Consulta anual de rotina: é o momento de vacinar, vermifugar e checar se tá tudo bem de uma vez. Quem tem plano de saúde pet cobre essas consultas preventivas, o que ajuda a não adiar por questão financeira.


Prevenção não precisa de argumento

Vacinar o gato é o tipo de cuidado que não aparece no dia a dia, mas aparece na ausência de doença. É o veterinário que não vê aquele gato internado com panleucopenia. É o tutor que não passa por uma semana desesperadora tentando salvar um filhote de algo que uma dose de vacina teria impedido.

Se o calendário do seu gato tá desatualizado ou você nunca vacinou, o próximo passo é simples: marca uma consulta e conversa com o veterinário. Ele avalia o histórico e te diz exatamente o que aplicar agora.

Perguntas frequentes

Gato que não sai de casa precisa ser vacinado?

Sim! Mesmo gatos de apartamento podem ser expostos a vírus trazidos em roupas, sapatos ou por visitas.

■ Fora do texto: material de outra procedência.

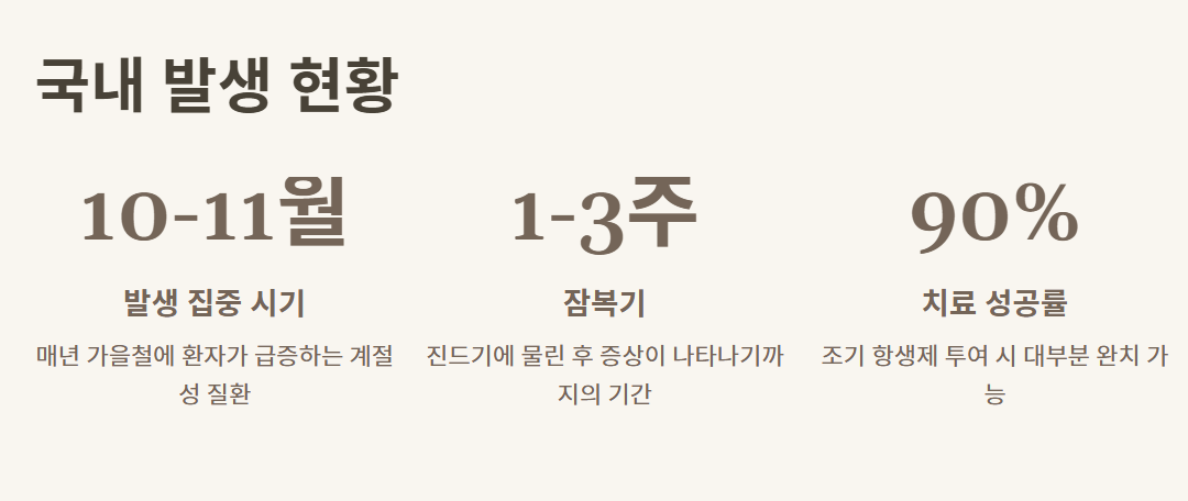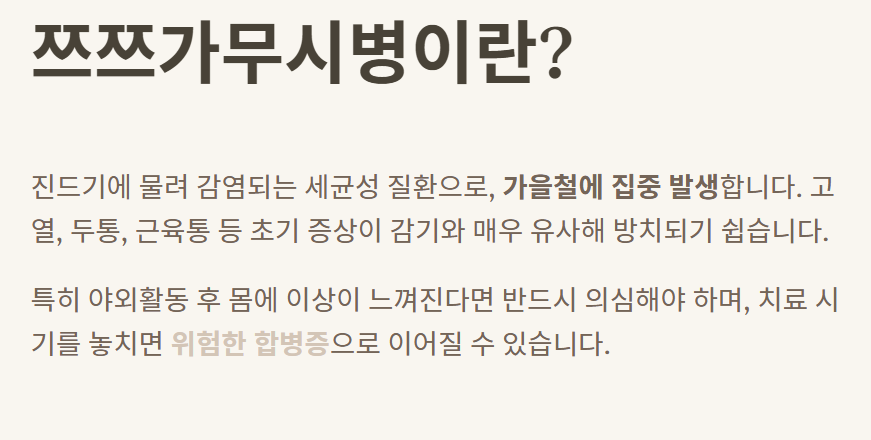 쯔쯔가무시는 가을철 진드기에 물려 감염되는 질환으로, 고열·두통·근육통 등 초기 증상이 감기와 유사해 방치되기 쉽습니다.

A vacinação é recomendada pela WSAVA para todos os gatos, independentemente do estilo de vida.

Quais vacinas são obrigatórias para gatos no Brasil?

A vacina antirrábica é obrigatória por lei em muitos municípios brasileiros. A tríplice felina (FVRCP) é essencial e amplamente recomendada por veterinários. Consulte seu médico-veterinário para o calendário completo.

Com quantas semanas o filhote de gato pode tomar a primeira vacina?

A partir de 6 a 8 semanas de vida. O esquema inicial inclui doses com 6-8, 10-12 e 14-16 semanas, seguidas de reforço anual. É fundamental seguir o calendário indicado pelo veterinário.

Vacina de gato tem reação? O que é normal?

Reações leves são normais: sonolência, dor no local da aplicação e febre baixa nas primeiras 48h. Reações graves como inchaço no focinho ou dificuldade respiratória são raras, mas exigem atendimento veterinário imediato.

De quanto em quanto tempo o gato adulto precisa tomar vacina?

Em geral, os reforços são anuais. A tríplice felina pode ser aplicada a cada 3 anos em adultos com histórico vacinal completo. A antirrábica segue calendário anual em muitos municípios. Confirme com seu veterinário.

A vacina contra leucemia felina é obrigatória?

Não é obrigatória, mas é recomendada para gatos com acesso à rua ou que convivem com outros felinos. A leucemia felina é contagiosa e grave. Converse com seu veterinário para avaliar o risco do seu gato.